Side two features what is the germ of the well-known Pink Floyd track, “Breathe” from “Dark Side Of The Moon” although here it’s entirely acoustic and with different lyrics of an ecological nature. The line “Mushrooming home in a crowd/I am alone” appears in the song used in the film to illustrate a rainy commuter rush in slow motion (an image that would re-emerge in Pink Floyd’s promotional clip for “Brain Damage”/“Eclipse” three years later) as Waters laments the “insane, inhumane games we play/Day by day.”
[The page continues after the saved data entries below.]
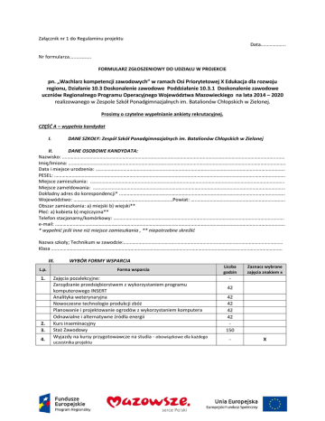 Załącznik nr 1 do Regulaminu projektu Data……………….. Nr formularza................ FORMULARZ ZGŁOSZENIOWY DO UDZIAŁU W PROJEKCIE pn. „Wachlarz kompetencji zawodowych” w ramach Osi Priorytetowej X Edukacja dla rozwoju regionu, Działanie 10.3 Doskonalenie zawodowe Poddziałanie 10.3.1 Doskonalenie zawodowe uczniów Regionalnego Programu Operacyjnego Województwa Mazowieckiego na lata 2014 – 2020 realizowanego w Zespole Szkół Ponadgimnazjalnych im. Batalionów Chłopskich w Zielonej. Prosimy o czytelne wypełnianie ankiety rekrutacyjnej. CZĘŚD A – wypełnia kandydat I. DANE SZKOŁY: Zespół Szkół Ponadgimnazjalnych im. Batalionów Chłopskich w Zielonej II. DANE OSOBOWE KANDYDATA: Nazwisko: ……………………………………………………………………………………………………………………………………………………...…… Imię/Imiona: ……………………………………………………………………………………………………………………………………………………….. Data i miejsce urodzenia: ……………………………………………………………………………………………………………………………………. PESEL: …………………………………………………………………………………………………………………………………………………………………. Miejsce zamieszkania: ……………………………………………………………………………………………………………………………………….. Miejsce zameldowania: ……………………………………………………………………………………………………………………………………... Dokładny adres do korespondencji* ..…………………………………………………………………………………………………………………. Województwo: …………………….………………………………………………Powiat: …..……………………………………………………………. Obszar zamieszkania: a) miejski b) wiejski** Płed: a) kobieta b) mężczyzna** Telefon stacjonarny/komórkowy: ………………………………………………………………………………………………………………………. e-mail: ………………………………………………………..………………………………………………………………………………………………………. * wypełnid jeśli inne niż miejsce zamieszkania , ** niepotrzebne skreślid Nazwa szkoły; Technikum w zawodzie:………………………………………………………………………………………………………………. Klasa …………………………………………………………………………………………………………………………………………………………………. III. WYBÓR FORMY WSPARCIA L.p. 1. 2. 3. 4. Forma wsparcia Zajęcia pozalekcyjne: Zarządzanie przedsiębiorstwem z wykorzystaniem programu komputerowego INSERT Analityka weterynaryjna Nowoczesne technologie produkcji zbóż Planowanie i projektowanie ogrodów z wykorzystaniem komputera Odnawialne i alternatywne źródła energii Kurs inseminacyjny Staż Zawodowy Wyjazdy na kursy przygotowawcze na studia - obowiązkowe dla każdego uczestnika projektu Liczba godzin Zaznacz wybrane zajęcia znakiem x 42 42 42 42 42 150 - X IV. Opis motywacji uczestnictwa w Projekcie (3-5 pkt) Oświadczam, iż podane dane są zgodne z prawdą oraz że są mi znane wszelkie konsekwencje prawne i odpowiedzialnośd za składanie oświadczeo niezgodnych z prawdą. ………………………………………. Miejscowośd, data …………………………………… Podpis ucznia ………………………………. Podpis opiekuna prawnego ucznia niepełnoletniego CZĘŚD B – wypełnia Szkolny Koordynator Projektu. Decyzja o zakwalifikowaniu do projektu:  Spełnienie kryterium formalnego: TAK/NIE  Spełnienie kryterium uzupełniającego (liczba uzyskanych punktów:…………………..) Podpisy członków Komisji Rekrutacyjnej: 1. Szkolny Koordynator Projektu:……………………………………………………………………………………………..………………………… 2. Dyrektor Lidera lub wyznaczona przez niego osoba:……………………………………………………………………..…………………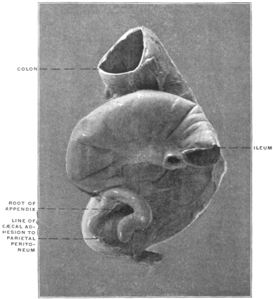 Variations of cæcum and appendix, 244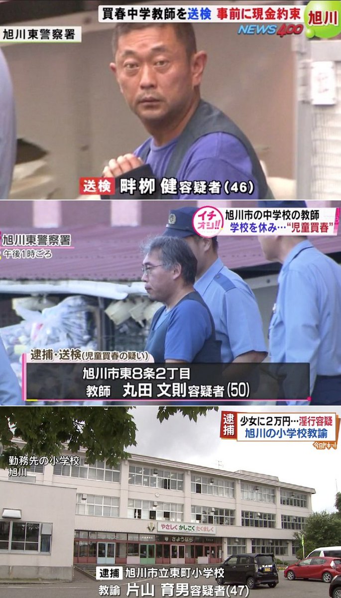 旭川では教諭が相次いで買春容疑で逮捕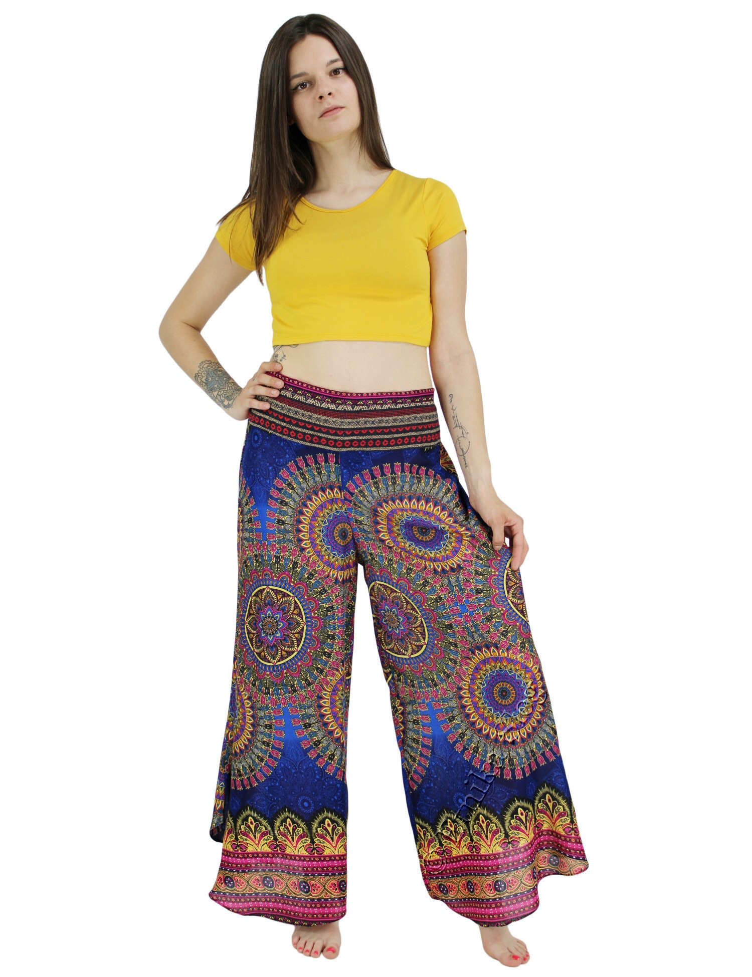 WIDE-LEG TROUSERS MADE OF VISCOSE WITH EMBROIDERY AT ELASTIC WAIST.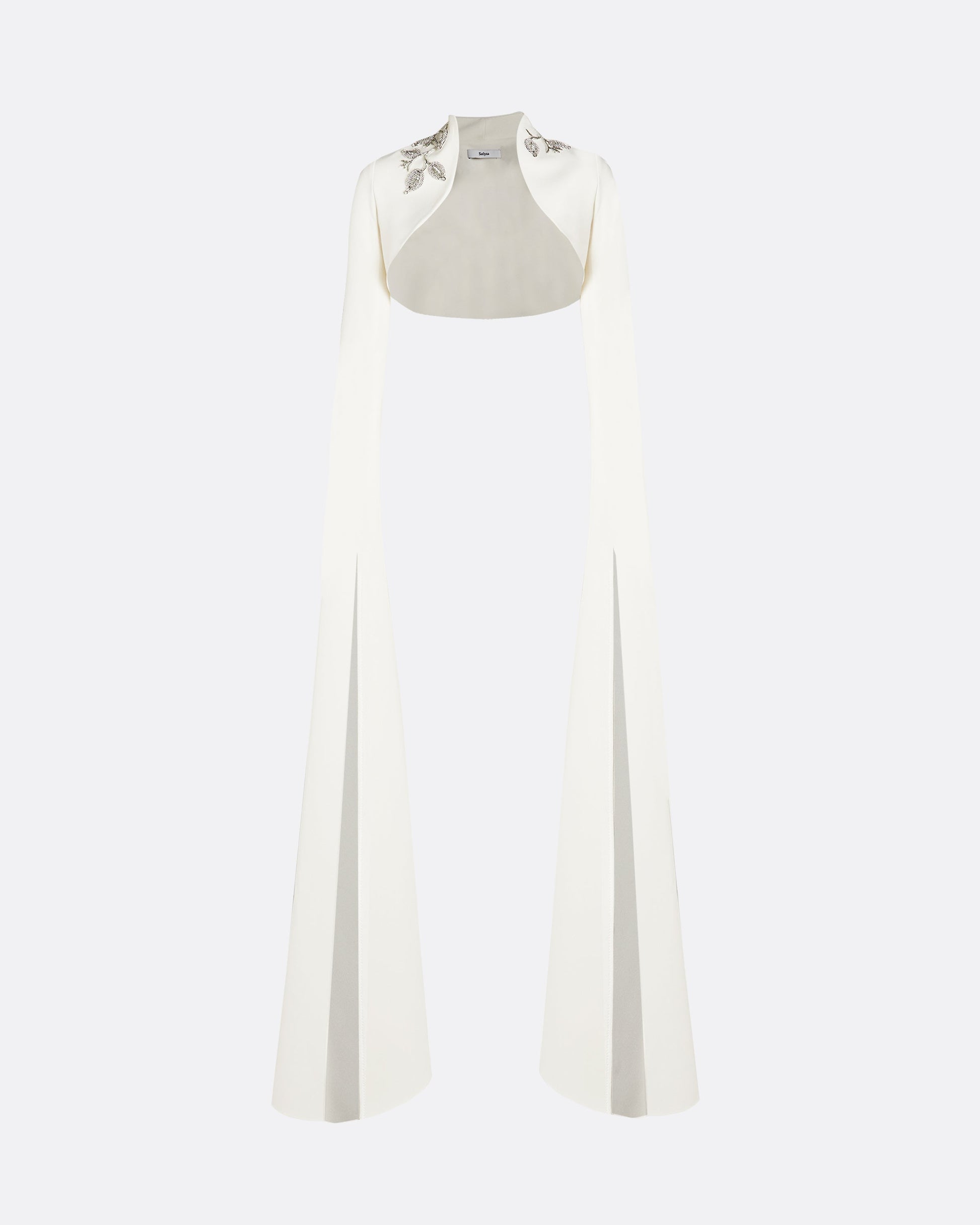 Raised collar bolero with floor length sleeve and Flower Bud embroidery, in ivory.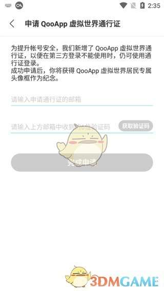 2、然后点击过后游客登录之后就会跳转到申请qoo APP虚拟世界通行证,我们可以点击左上角的按钮返回到主页面;也可以申请qooapp虚拟世界通行证;
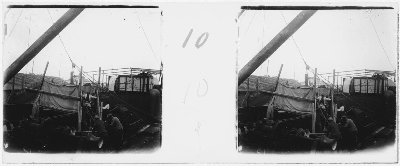 D137-20-4 : [La préparation du voyage, l'embarquement des automobiles sur le Provence au port de Marseille en février 1915]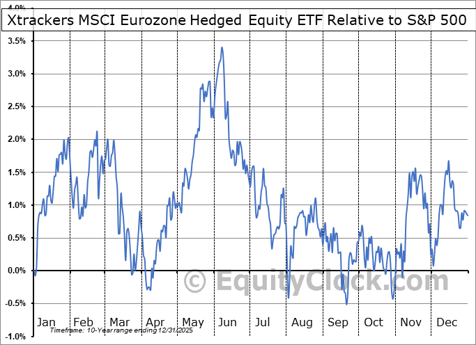 Analysis of the Xtrackers MSCI Eurozone Hedged Equity ETF (AMEX:DBEZ) seasonal charts above shows that a Buy Date of February 14 and a Sell Date of May 21 has resulted in a geometric average return of 2.03% above the benchmark rate of the S&P 500 Total Return Index over the past 10 years. This seasonal timeframe has shown positive results compared to the benchmark in 9 of those periods. This is an excellent rate of success and the return strongly outperforms the relative buy-and-hold performance of the stock over the past 10 years by an average of 5.76% per year.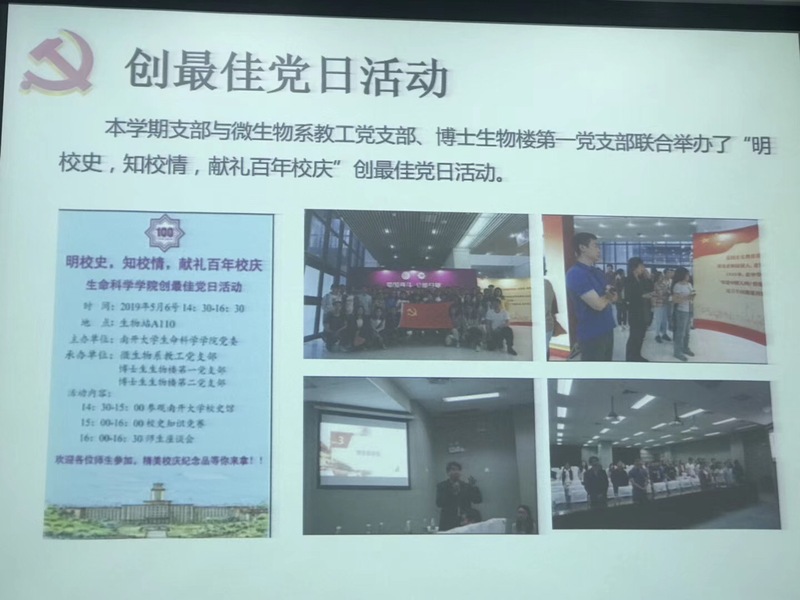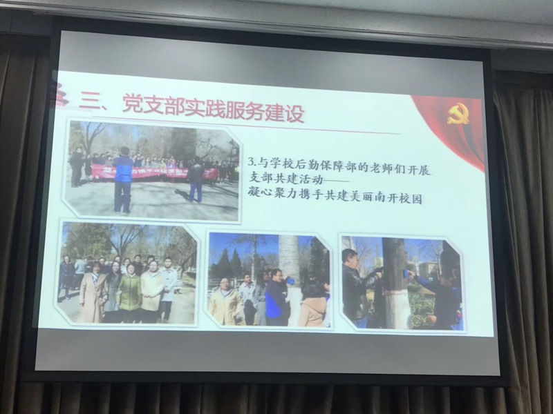 会上,员工党支部以ppt展示的方式汇报了本学期的主要工作情况、存在问题和下学期的工作计划。各支部围绕主题,重点汇报了“党建1+1计划”的落实和执行情况,图文并茂,内容充实,严格落实“三会一课”制度,保证了“两学一做”学习教育活动常态化、制度化。其中四个2018级硕士党支部与四个文科公司党支部的共建活动,六个博士生党支部与教工支部的共建活动,有效地调动了党员参与支部活动的积极性,都得到了党员同志的高度好评。
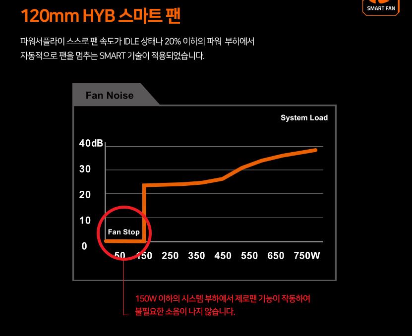 특히 전면에 사용된 120mm Hydraulic Bearing 쿨러는 20% 미안인 150W 이하의 부하에서는 작동하지 않는 제로 팬 기능을 제공하여 부하가 많지 않은 작업에서는 정숙한 컴퓨터 사용을 지원합니다.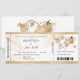 Invitation de mariage de destination avec carte d'embarquement billet or avion avec cœur et icône d'avion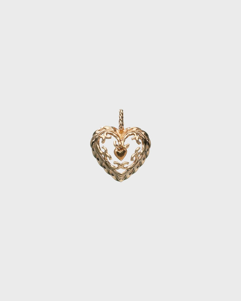 Muinaiskorujen rikas ornamentiikka on tarjonnut innoituksen Tony Granholmin suunnittelemalle Talon sydämelle. 14 karaatin kullasta taiten tehdyssä riipuksessa pieni sydän heilahtelee suuremman sydämen suojassa. Hinta ilman ketjua. Yhdistä ovaalipapuketjuun tai ankkuriketjuun.

In keeping with the rest of the album, the next six tracks are all crossfaded together so it’s difficult to really know exactly when “Mrs. Throat Goes Walking” begins; but if that passage of comfy, echoed guitar effortlessness is “Bed-Time-Dream-Clime” it’s the most deeply chilled moment of the album. “Sea Shell And Soft Stone” reprise Waters’ first acoustic piece, here scored by Geesin with strings as a bittersweet and optimistic instrumental. Backed by Pink Floyd and unknown session singers, “Give Birth To A Smile” ends the album with an even far more triumphant a feeling of optimism: which along with the startling processional of weirdness, is what this bizarre collection of antiques and curios captures so well. 

Note:
In the film “The Body” a different version is used for a scene comprised of one very slow pan across a line of people arranged by age assembled in a large studio: from the tiniest of crying infants to the most aged of souls. It’s a perspective-thrusting scene in a documentary filled with thought- and emotionally-provoking images, such as the scene which features a large dark room filled with the amount of food consumed by one human being in a lifetime, Vanessa Redgrave’s voice-over during a scene shot in a home of very mentally retarded children (“They’re here…but they’re far away…”) or cross-cutting a car production line with a footage of a live birth. It does have its moment of levity, however: such as showing a table set with the exact amount of chemical compounds that comprises one single human being. Or an unwitting toddler crawling over a Perspex surface in the dark shot from below, and you can see are his hands and kneecaps — until he decides to let loose with an ever-widening puddle of urine then decides to quickly splash about in it. Life is great, when you look at it.